◆ WHAT THE EXERCISE ASKS: Would you reproduce, word for word, only the lines running from the top of the data through the line containing "廚房里的一整套櫥柜非常高大上", and none of the pictures?

◆ DATASET EXTRACT:
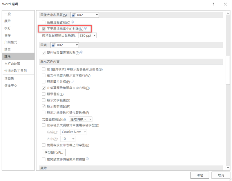 這項功能的優點是你壓縮後要還原也很容易,如果你的需求是文件中必須用原始的圖檔,就到 Word 選項 → 進階 → 圖像大小與品質下面,勾選「不要壓縮檔案中的影像」,還能調整預設的輸出尺寸。
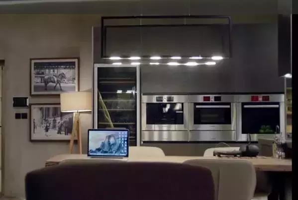 廚房里的一整套櫥柜非常高大上,金屬質(zhì)感搭配水泥墻面背景,有種美式工業(yè)風(fēng)格的味道。
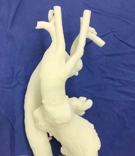 3D打印的人體組織模型正在越來越多地被用于外科手術。據(jù)了解,近日,復旦大學附屬中山醫(yī)院心外科應用3D打印技術輔助外科手術,成功治愈罹患罕見先天性復雜變異胸主動脈瘤的患者?;颊呶橄壬荒昵伴_始反復出現(xiàn)活動后的胸悶胸痛。在中山醫(yī)院行胸部CT檢查時發(fā)現(xiàn)胸主動脈畸形,確診為罕見的胸主動脈Kommerell憩室(科梅內爾憩室)。如何能簡化治療將復雜問題簡單處理、既治愈疾病又保證患者絕對安全是擺在醫(yī)生面前的難題,最終專家采取使用3D打印技術輔助手術,按1:1的比例3D打印變異的主動脈及附屬血管模型。

◆ EXERCISE OUTPUT:
 這項功能的優點是你壓縮後要還原也很容易,如果你的需求是文件中必須用原始的圖檔,就到 Word 選項 → 進階 → 圖像大小與品質下面,勾選「不要壓縮檔案中的影像」,還能調整預設的輸出尺寸。
 廚房里的一整套櫥柜非常高大上,金屬質(zhì)感搭配水泥墻面背景,有種美式工業(yè)風(fēng)格的味道。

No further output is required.